Each line of data below must be printed exactly as written, with any pictures removed.

_RECORDED INFORMATION_:
****************************************
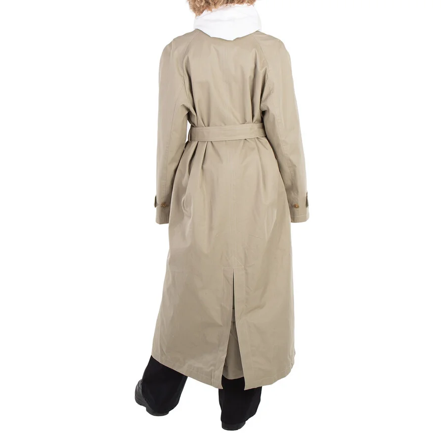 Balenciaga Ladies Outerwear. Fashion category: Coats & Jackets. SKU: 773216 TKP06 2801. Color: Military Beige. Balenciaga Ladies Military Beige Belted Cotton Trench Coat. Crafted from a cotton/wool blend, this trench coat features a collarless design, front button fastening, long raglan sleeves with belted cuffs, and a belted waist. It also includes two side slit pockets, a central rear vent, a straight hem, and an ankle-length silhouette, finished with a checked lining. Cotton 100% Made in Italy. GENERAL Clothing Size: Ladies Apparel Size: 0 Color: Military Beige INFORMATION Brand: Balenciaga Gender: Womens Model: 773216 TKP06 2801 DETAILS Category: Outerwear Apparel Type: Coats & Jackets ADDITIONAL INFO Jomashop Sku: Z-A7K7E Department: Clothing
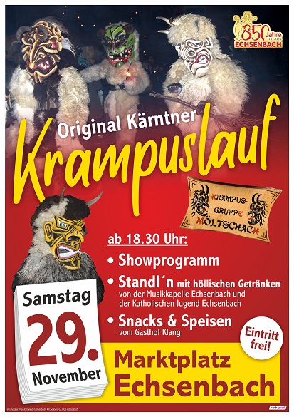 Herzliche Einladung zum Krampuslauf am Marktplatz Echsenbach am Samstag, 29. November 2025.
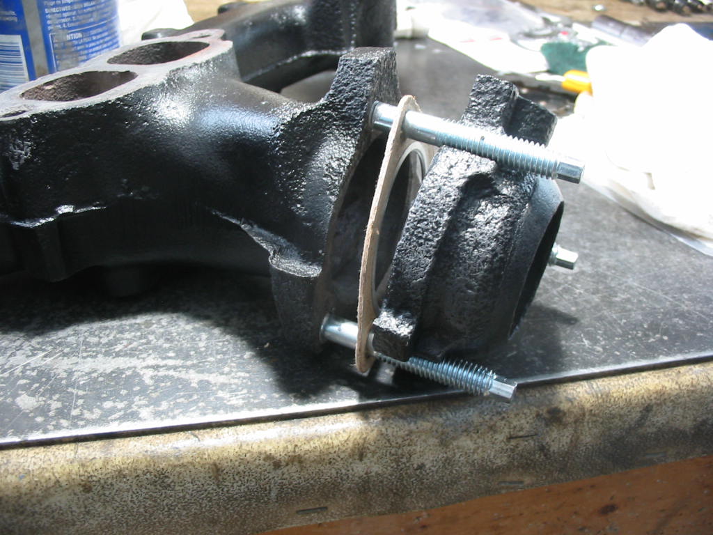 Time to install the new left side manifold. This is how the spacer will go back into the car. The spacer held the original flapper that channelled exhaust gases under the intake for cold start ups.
****************************************
_WORKED SOLUTION_:
 Balenciaga Ladies Outerwear. Fashion category: Coats & Jackets. SKU: 773216 TKP06 2801. Color: Military Beige. Balenciaga Ladies Military Beige Belted Cotton Trench Coat. Crafted from a cotton/wool blend, this trench coat features a collarless design, front button fastening, long raglan sleeves with belted cuffs, and a belted waist. It also includes two side slit pockets, a central rear vent, a straight hem, and an ankle-length silhouette, finished with a checked lining. Cotton 100% Made in Italy. GENERAL Clothing Size: Ladies Apparel Size: 0 Color: Military Beige INFORMATION Brand: Balenciaga Gender: Womens Model: 773216 TKP06 2801 DETAILS Category: Outerwear Apparel Type: Coats & Jackets ADDITIONAL INFO Jomashop Sku: Z-A7K7E Department: Clothing
 Herzliche Einladung zum Krampuslauf am Marktplatz Echsenbach am Samstag, 29. November 2025.
 Time to install the new left side manifold. This is how the spacer will go back into the car. The spacer held the original flapper that channelled exhaust gases under the intake for cold start ups.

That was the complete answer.